愁滋味翻涌上心头,措不及防地被人从后头一撩。大惊之下抬头,就对上吴杰一双炳如观火的眼。江彬心头大震,吴杰却已移开视线,望着战战兢兢地提着灯笼低头行走的宫女的裙裾,默然而行。

回到豹房暖阁,换过衣裳,吴杰命人都退下,在榻上歪着身子垂眼看雕成莲花的香炉。那香雾缭绕在他与江彬间,分明都未动分毫,那投在波斯毯上的影,却被香雾扭成颤颤巍巍的虚无。

“墓室里那些个殓文本就是朱厚燳要我刻的,我料定文曲要在那墓室里大作文章,便刻了些好破他法阵的咒符,令你那方归位的一魂一魄得以逃出生天,穿过三载附在这与你颇有渊源的畜生身上。这三年里,他自是寻不着你的,但你既来了,他要寻你,也绝非难事。”
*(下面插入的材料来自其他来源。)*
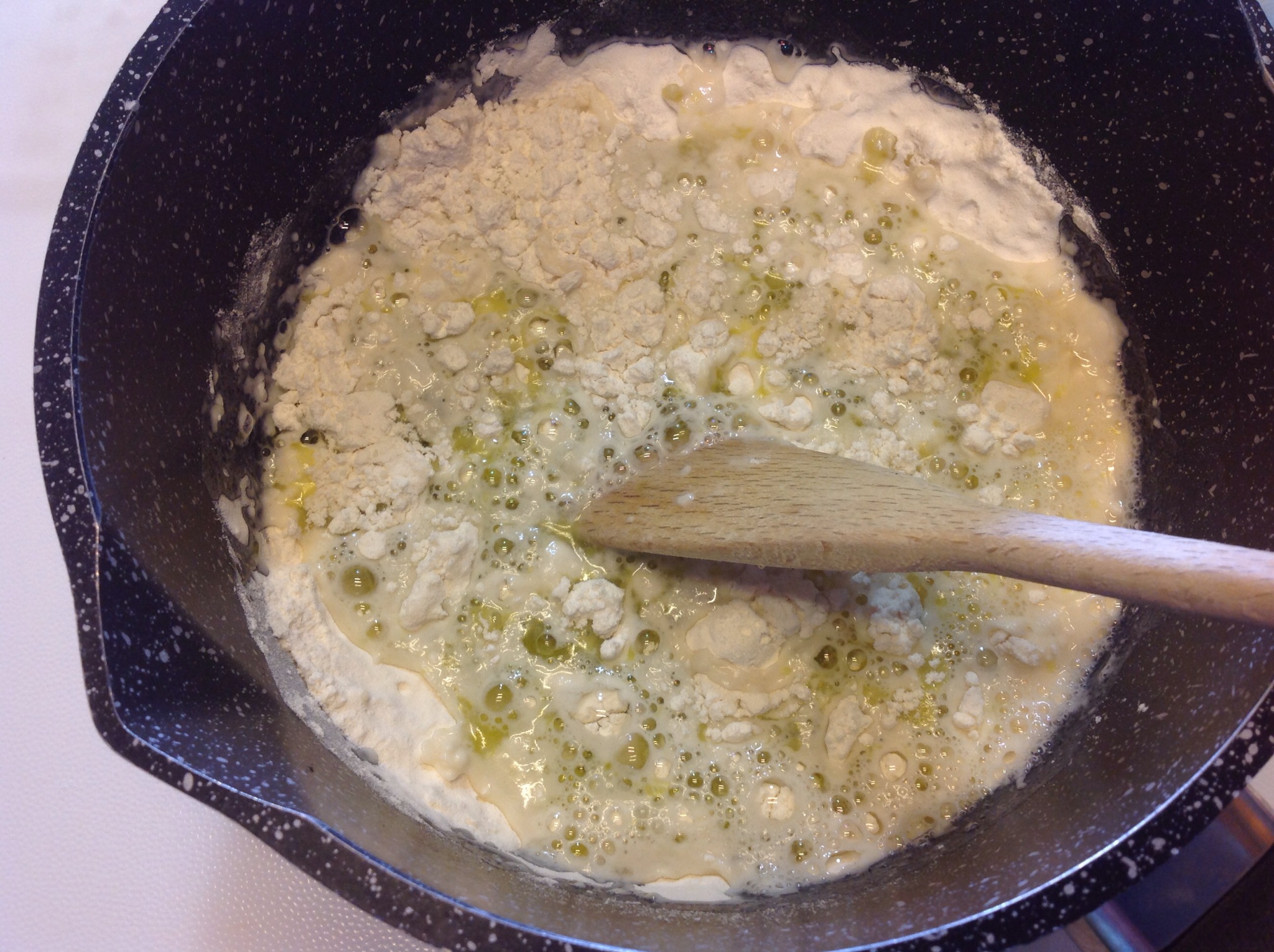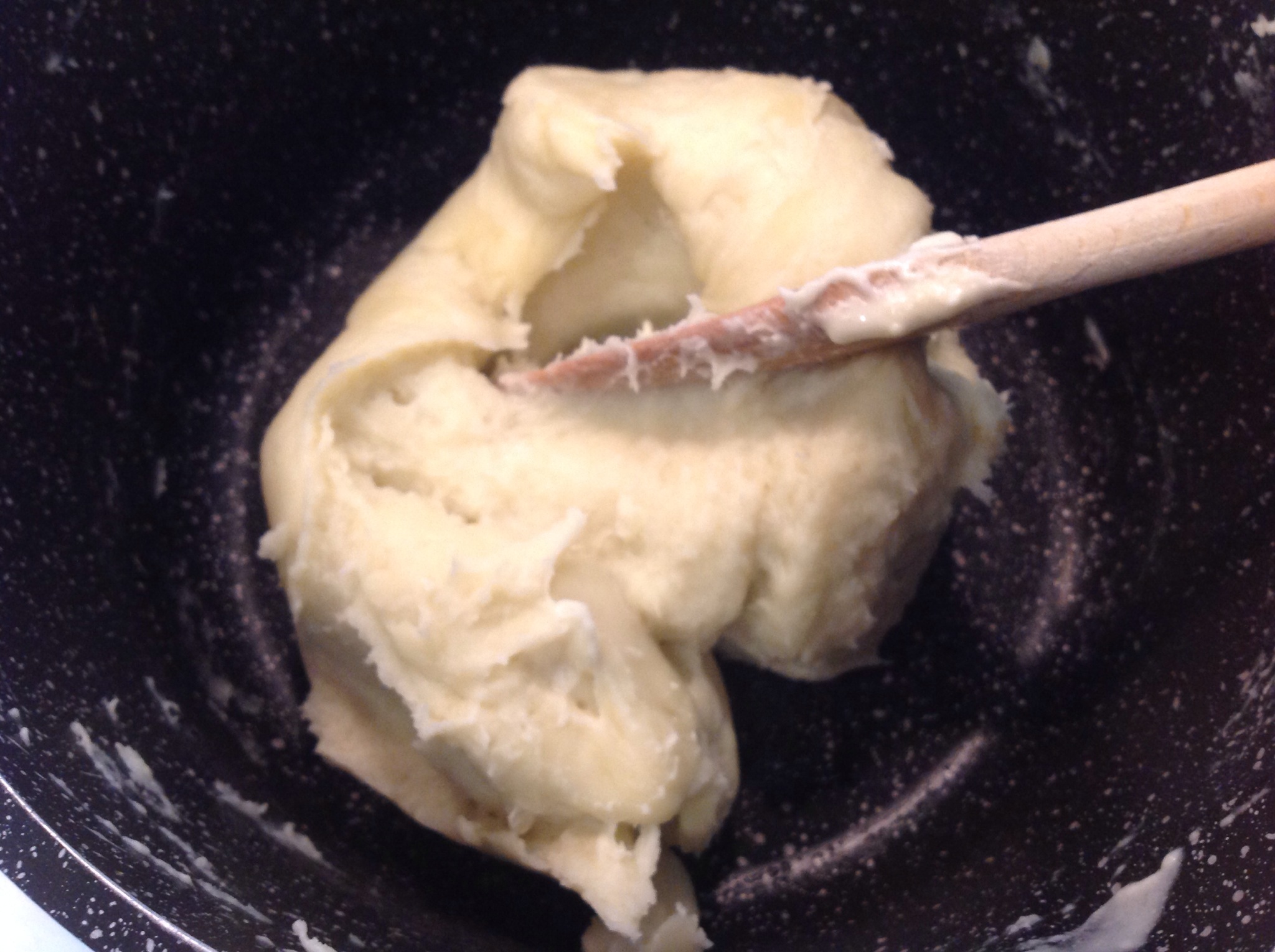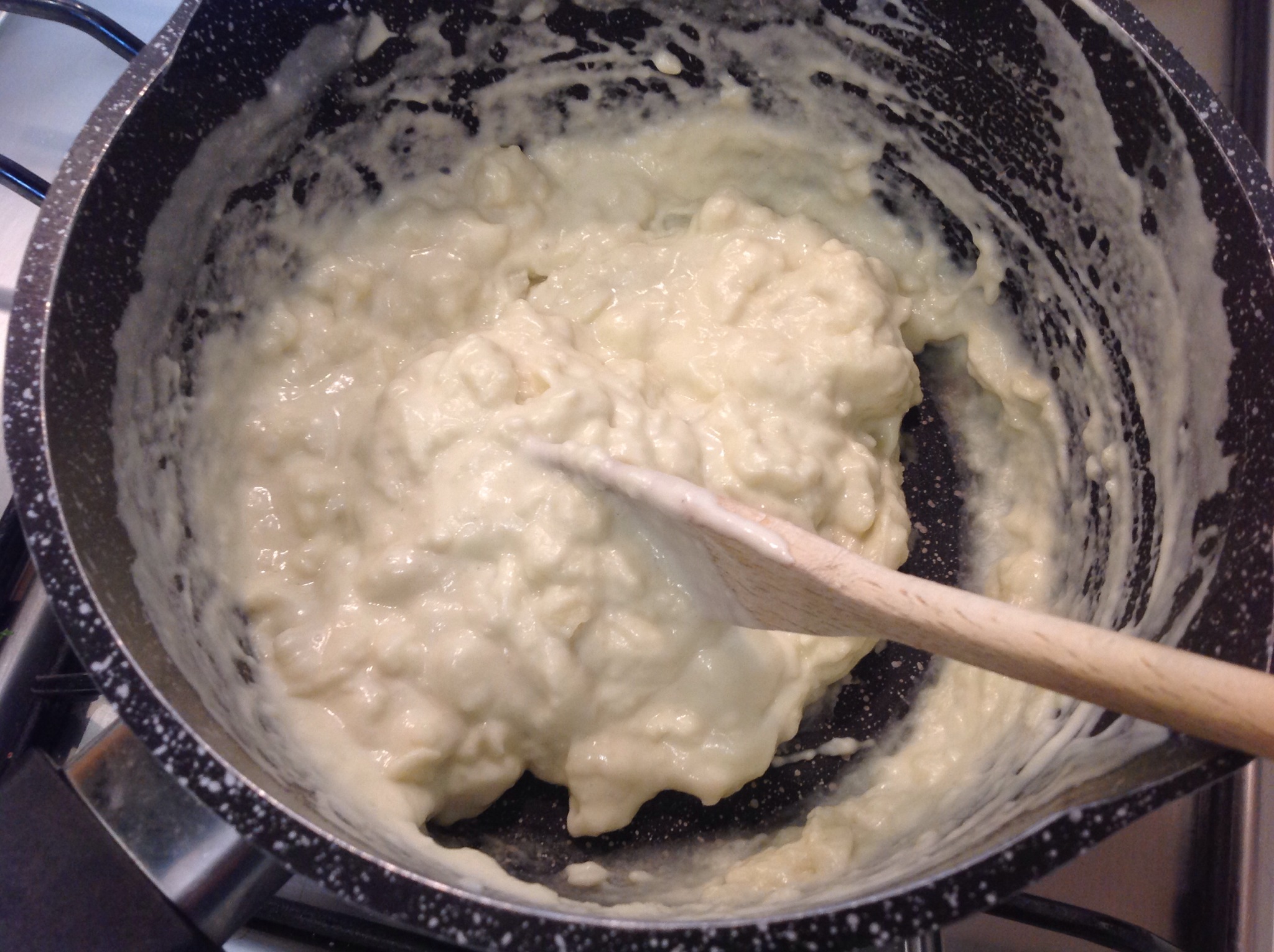 Porto sul gas a fuoco basso e continuo a mescolare finché il composto si stacca dalle pareti e diventa liscio
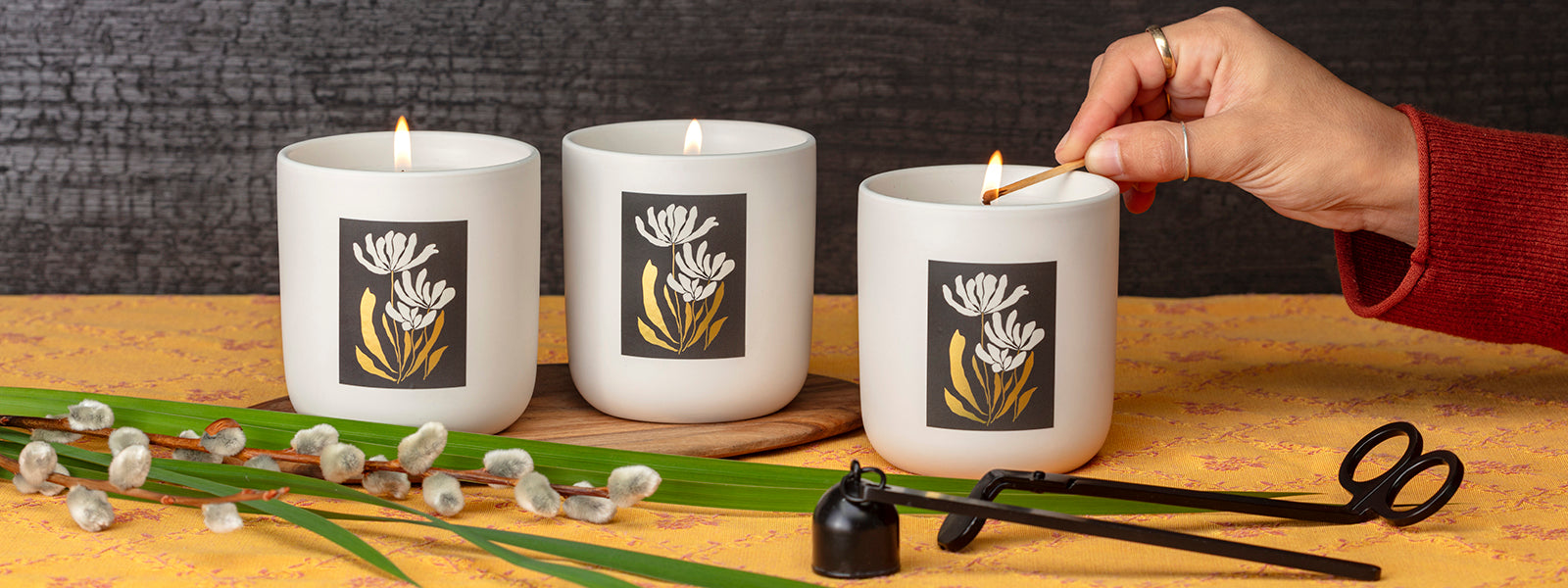 Renewable coconut-soy wax, natural cotton and wood wicks, and premium fragrance made with essential oils. Never any dyes or enhancers.

江彬盘在蒲团上,目光落在桌案上搁着的朱笔上。虽然之前便隐隐觉着他如今这般处境必是有人相助,只是未料到真是吴杰动的手脚。

“你魂魄未归位,他便无法动用法器,故而总来试探我,可我偏不遂了他的愿。”吴杰说到此处,眼一眯,像极了一条盯着猎物的蛇,“如今,朱厚燳阳寿将尽,待三日后历劫毕,你我都得回天庭复命……我算着,他也快耐不住性子了。”

这般尔虞我诈,江彬并不意外,吴杰为了朱宸濠是可以逆天而行的,他算计过他,可江彬竟并不如恨杨廷和那般恨他,或是因见证了他与宁王的痴缠,故而多了份纵容与同情,只不知如今他究竟如何打算。

“这般,我替你寻回朱厚燳,你替我夺回棋盘和锁魂犀,如何?”吴杰起身,走到江彬跟前,俯身瞧他黑亮的眼,“我知你怕我又算计你……不如你亲自会他一会。”

这句仿佛晚钟,长鸣在江彬耳畔,连绵不绝,半晌才恢复清明,觉着吴杰这话里透着股古怪。既说是要让他见正德皇帝,那该是已寻着了,为何又说是替他寻回?

吴杰知江彬满腹狐疑,只望了眼沉沉的夜色道:“犬目可见阴阳,破晓之前,去康陵棂星门。”

康陵?

江彬想起当初正德皇帝许他的,在墓里等他,扭头就往门外跑。

星辰指引,明月相伴,低人一等的视野中,所有巨大的轮廓都像蛰伏在黑暗中伺机而动的野兽,却又一个个被他抛诸脑后。自豹房至康陵,哪怕是良驹也得跑个大半日,更何况如今江彬不过是条四肢短小的土狗。可此时他心急如火地,全然顾不上这些,只没命地狂奔。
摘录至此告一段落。